Justice MacNeil sided decisively with Royal LePage. In his analysis, the judge first determined that the case was appropriate for partial summary judgment, as dismissing the claim against the brokerage would narrow the scope of the remaining litigation, reduce costs, and not risk inconsistent findings in the primary dispute between Ms. Afshari and Mr. Privitera. The central legal question was whether Royal LePage could be held vicariously liable for Ms. Afshari’s alleged conduct. The judge explained that the fundamental test for vicarious liability is whether the wrongful act is “sufficiently related” to the conduct authorized by the employer. Liability is typically appropriate where the employer created or enhanced a risk that resulted in the wrongdoing.
Applying this test, Justice MacNeil found no evidence of a “significant connection” between Royal LePage’s business and Ms. Afshari’s alleged wrongdoing. The timeline of events was critical.

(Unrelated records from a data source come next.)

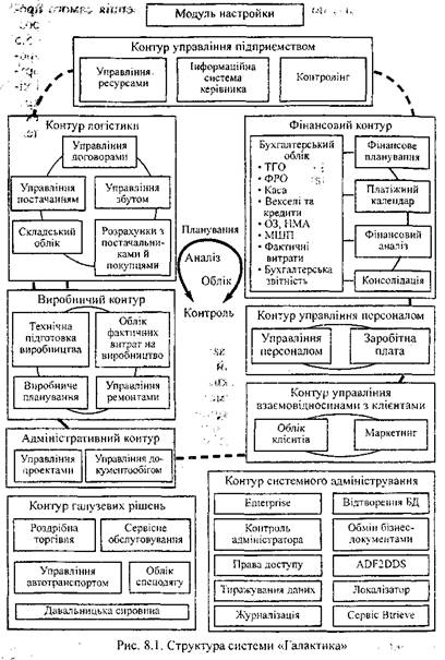 Система «Галактика» орієнтована на автоматизоване розв'язання задач, що виникають на всіх стадіях управлінського циклу: прогнозування, планування, облік і контроль реалізації планів, аналіз результатів діяльності, коригування прогнозів і планів. Система має модульну структуру, модулі, у свою чергу, об'єднані у функціональні контури (див. рис. 1.).
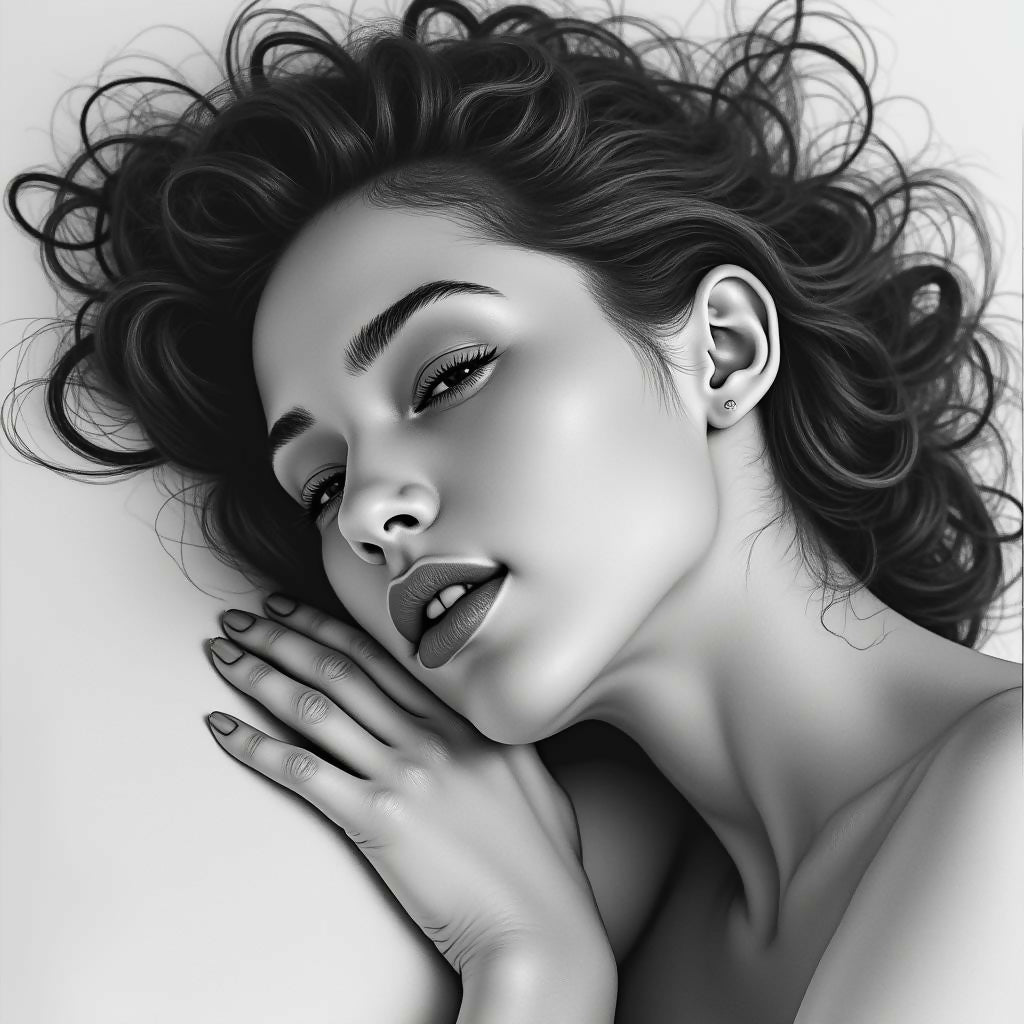 Portrait of woman laying down resting, sketch, black and white, soft subtle shading and highlights
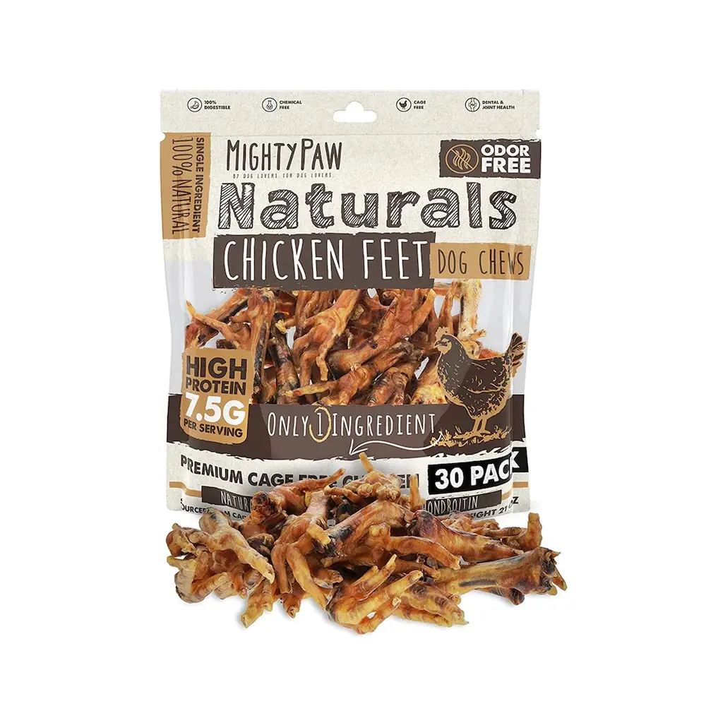 Treat your furry friend with Mighty Paw Naturals' Chicken Feet Dog Chews! These crunchy treats are crafted from 100% natural chicken feet, offering a delicious and nutritious snack. Each bite provides a satisfying chewing experience, perfect for your dog's enjoyment.
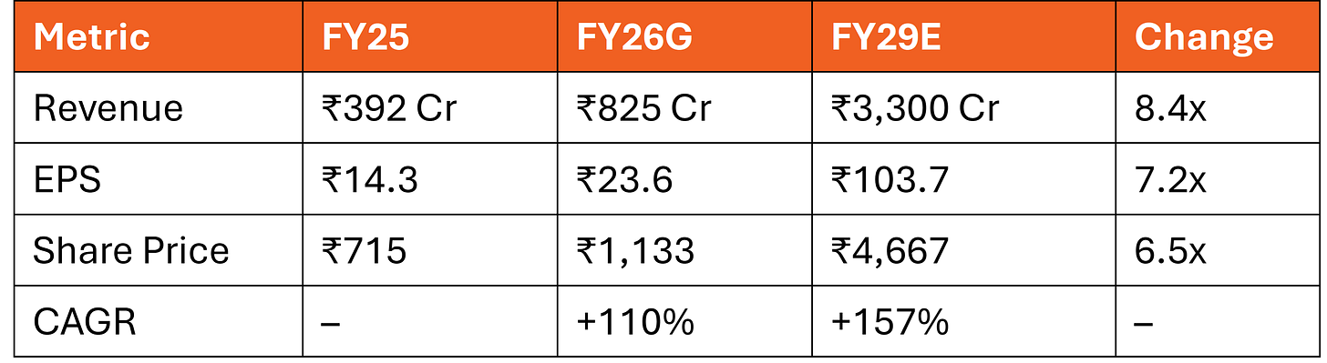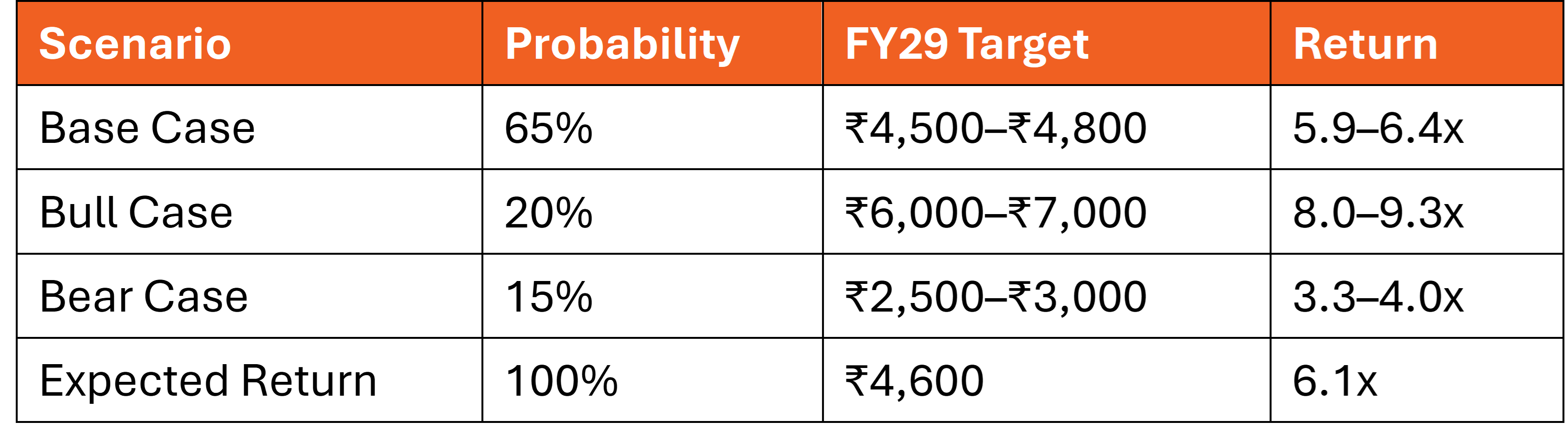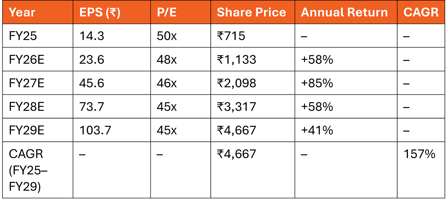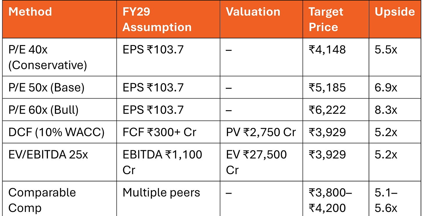 Valuation: Base Case Target ₹3,930–₹5,005/share by FY29 = 5–6.7x returns

Ms. Afshari formally and officially severed the brokerage’s involvement before she entered into the private agreements with Mr. Privitera. The text messages were particularly damning for Mr. Privitera’s case. The judge noted that Mr. Privitera was fully aware that Royal LePage was being cut out of the transaction and, in fact, had agreed to this arrangement to facilitate a private deal. “It is clear on the face of the counterclaim that Mr. Privitera knew that Royal LePage was going to be excluded from the sale and lease transactions involving the Property, and the text messages show that he was agreeable to that,” Justice MacNeil wrote.
The court accepted Royal LePage’s uncontroverted evidence that it had no knowledge of the private deal and therefore had no opportunity to supervise or control Ms. Afshari’s conduct. Since the brokerage was not involved, it could not have materially increased the risk of any alleged wrongdoing. Ms. Afshari was acting purely on her own behalf as the owner and landlord.
Beyond the issue of vicarious liability, the judge also found that the counterclaim against Royal LePage was legally deficient. It was struck down for disclosing no reasonable cause of action, as it contained only a “bald allegation” of liability against the brokerage without pleading any specific facts to support such a claim. Justice MacNeil concluded that it was “plain and obvious” that no sustainable cause of action against Royal LePage was possible. The court also determined the claim was frivolous, vexatious, and an abuse of process.
Ultimately, the court granted Royal LePage’s motion in its entirety. The counterclaim brought by Mr. Privitera against Royal LePage State Realty Brokerage was dismissed, without an opportunity for him to amend it. The brokerage was also deemed to be presumptively entitled to its legal costs for having to defend against the claim. The underlying legal dispute between Ms. Afshari and Mr. Privitera will continue without the brokerage’s involvement.